### PROBLEM
Your task is to retype, word for word, the lines from the start of the data through the line holding "- Два рабочих". Do not include the pictures.

### GIVEN ENTRIES
_ _ _ _ _ _ _

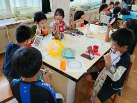 1年生は、夏休みの思い出を思い出して絵にしています。「お母さんと花火を見たよ!」「お祭りのかき氷、おいしかったな。」とに…
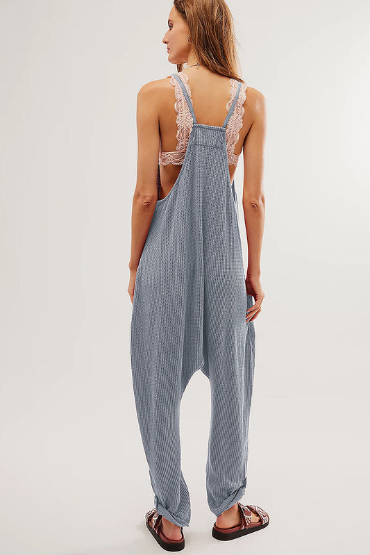 Gray Waffle Knit Spaghetti Straps Loose Fit Jumpsuit
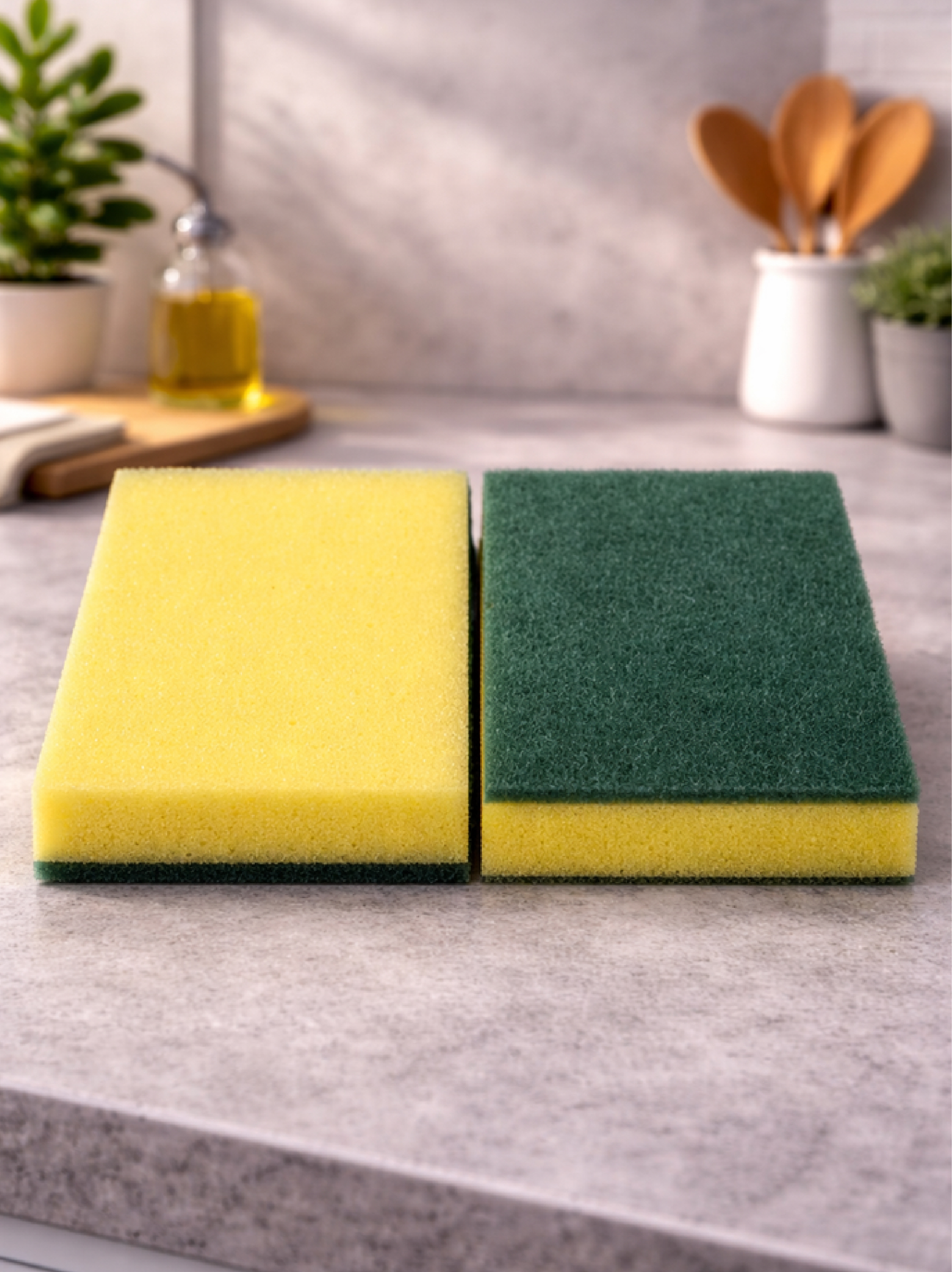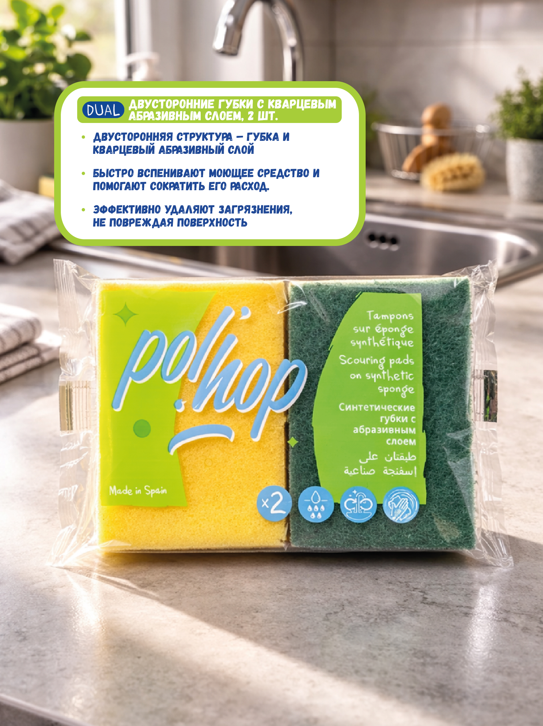 - Два рабочих слоя для разных задач – абразивная сторона на основе кварца удаляет стойкий жир и загрязнения, а мягкая губка удобна для основной мойки.
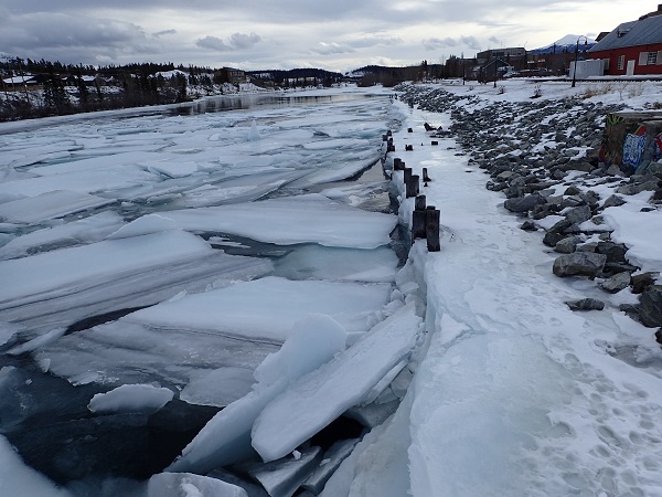 街じゅう雪が解けて大きな水溜りだらけ。すっかり春が来たような様子だが、この状態になるのは本来4月らしいので、もう一度寒くなるだろうとのこと。明日からはまた最高気温がマイナスになり寒くなっていくようだ。この暖かさは1940年以来だとか?1月の下見のときには寒さが続いて電力の消費が過去最高とニュースになったりしたというのに。ユーコン川の氷も解けてきてあちこちで割れた氷が積み重なっている。2週間前に川の上をソリを引いて歩いていたなんて想像できない。街をぐるっと一周しメインストリートの土産物屋でほしいものをいくつか買って17時前にリバーデールの滞在している家に戻る。
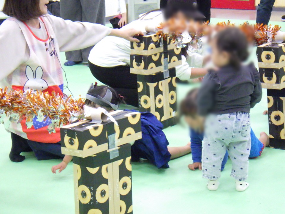 ハロウィン遊びは、トンネルをくぐってお菓子をゲット!

_ _ _ _ _ _ _

### RESPONSE TO THIS TASK
 1年生は、夏休みの思い出を思い出して絵にしています。「お母さんと花火を見たよ!」「お祭りのかき氷、おいしかったな。」とに…
 Gray Waffle Knit Spaghetti Straps Loose Fit Jumpsuit
 - Два рабочих слоя для разных задач – абразивная сторона на основе кварца удаляет стойкий жир и загрязнения, а мягкая губка удобна для основной мойки.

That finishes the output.